Reduced Ventricular Response Irregularity Is Associated With Increased Mortality in Patients With Chronic Atrial Fibrillation
Background—Variations in the ventricular response interval (VRI) during atrial fibrillation (AF) may be reduced in patients with adverse clinical outcomes. The properties of VRI dynamics associated with prognosis remain undetermined.
Methods and Results—In 107 patients with chronic AF (age, 64±9 years), we analyzed a 24-hour ambulatory ECG for VRI variability (SD, SD of successive differences, and SD of 5-minute averages) and VRI irregularity (Shannon entropy of histogram, symbolic dynamics, and approximate entropy of beat-to-beat and minute-to-minute fluctuations [ApEnb-b and ApEnm-m]). During a follow-up period of 33±16 months, 18 patients died (17%), 9 from cardiac causes, 7 from fatal strokes, and 2 from malignancies.
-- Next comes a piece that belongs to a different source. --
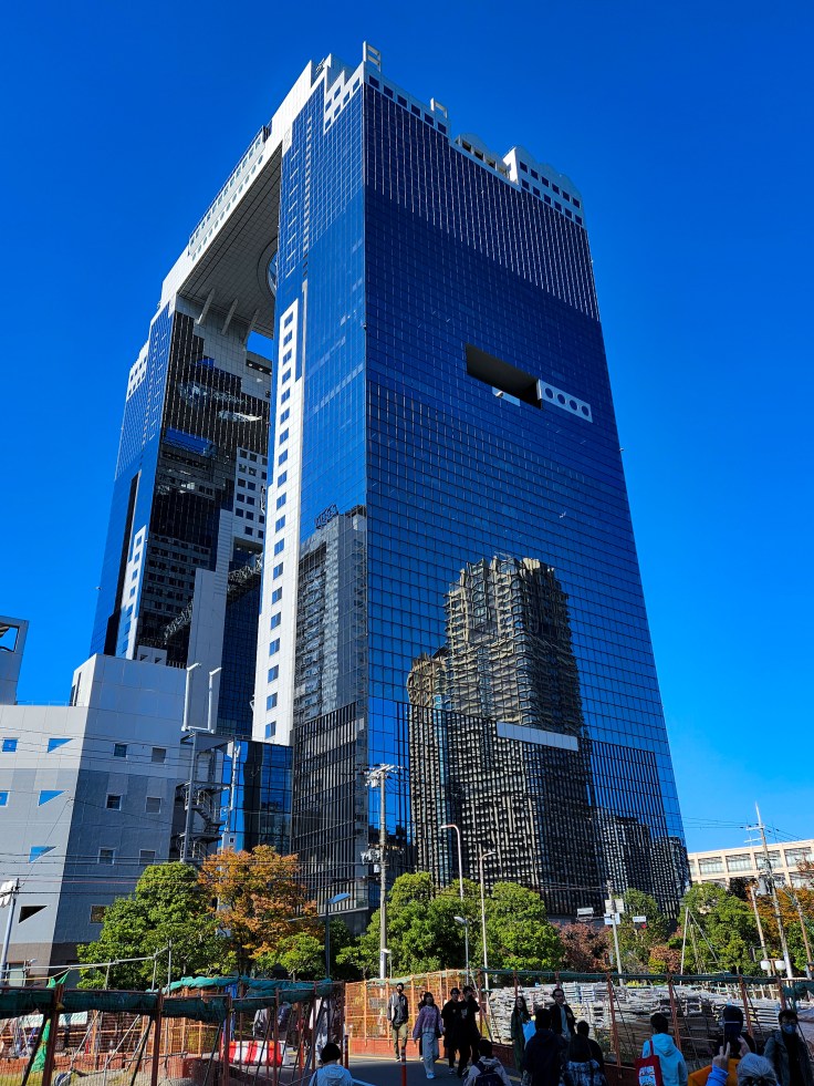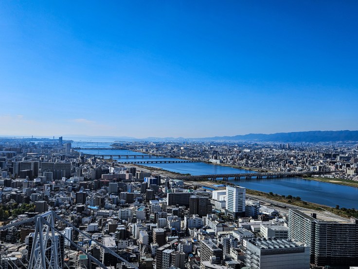 On Sunday morning we check out of our hotel and set out to see more of Osaka. Most places don’t open until 10 or 11 am so after breakfast we meander around Umeda for a while. Eventually we head over to the Umeda Sky Building, a distinctive building consisting of two 40 story towers connected by an observatory at the top. We are surprised to find the plaza at the base of the USB filled with something approximating a German Christmas market, complete with a huge artificial Christmas tree and booths serving mulled wine. In the US people are sort of compelled to wait until after Thanksgiving for such displays, but the lack of Thanksgiving in Japan makes for no barrier to seasonal creep. Not that Christmas is a Japanese tradition anyway, but in Japan shopping is always in season. If you’ve got ¥2000 to spare and don’t mind waiting in line for 15-20 minutes, the floating garden atop the Umeda Sky Building does offer expansive views of the city in all directions. The urban landscape fills all the space from the mountains where we hiked yesterday to the Seto Inland Sea.

Reductions in all VRI variability and irregularity measures were associated with an increased risk for cardiac death but not for fatal stroke. A significant association with cardiac death was also found for ejection fraction (relative risk, 1.10; 95% confidence interval [CI], 1.04 to 1.17, per 1% decrement) and ischemic AF (relative risk, 6.52; 95% CI, 1.62 to 26.3). After adjustment for these clinical variables, all irregularity measures except symbolic dynamics had predictive value (relative risks [95% CIs] per 1SD decrement: Shannon entropy of histogram, 2.03 [1.14 to 3.61]; ApEnb-b, 1.72 [1.14 to 2.60]; and ApEnm-m, 1.90 [1.03 to 3.52]); however, the predictive power of variability measures was no longer significant. When the patients were stratified with the 33rd and 67th percentile values of ApEnb-b (1.83 and 1.94, respectively), the 5-year cardiac mortality rates for the upper, middle, and lower tertiles were 0%, 13%, and 43%, respectively (log-rank test, P=0.04).
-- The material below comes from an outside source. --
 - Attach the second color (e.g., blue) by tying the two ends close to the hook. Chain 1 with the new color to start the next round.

Conclusions—Reduced VRI irregularity in a 24-hour ambulatory ECG has an independent prognostic value for cardiac mortality during long-term follow-up in patients with chronic AF.
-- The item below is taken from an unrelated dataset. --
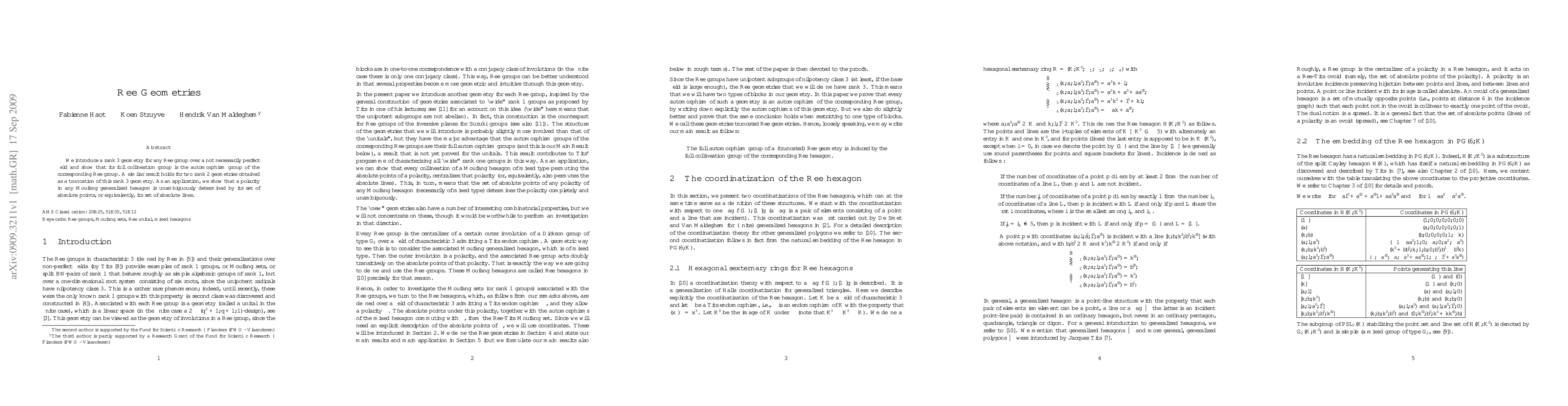 We introduce a rank 3 geometry for any Ree group over a not necessarily perfect field and show that its full collineation group is the automorphism group of the corresponding Ree group. A similar result holds for two rank 2 geometries obtained as a truncation of this rank 3 geometry. As an application, we show that a polarity in any Moufang generalized hexagon is unambiguously determined by its set of absolute points, or equivalently, its set of absolute lines.

During atrial fibrillation (AF), the sinus node loses its pacemaker function; rapid and random atrial impulses result. These impulses create disorganized atrioventricular nodal conduction and, thus, generate a highly irregular fluctuation of the ventricular response interval (VRI). Such conditions seem to preclude applications of standard heart rate variability (HRV) analysis.1 Nevertheless, some studies suggest that reduced HRV (VRI variability) may predict adverse prognosis, even in patients with chronic AF.2 3 However, these studies examined only conventional HRV measures assuming sinus rhythm; they may have overlooked important prognostic information existing in different properties of VRI dynamics. Recently, new mathematical methods were introduced for characterizing the nonlinear dynamics of biological signals.4 Such methods revealed that the complexity/irregularity of heart rate dynamics had prognostic value in cardiac patients with sinus rhythm.5 6 In this study, we applied these methods to the analysis of 2 different features of VRI dynamics, variability and irregularity, in patients with chronic AF and observed the associations of these features with the risk for mortality during long-term follow-up.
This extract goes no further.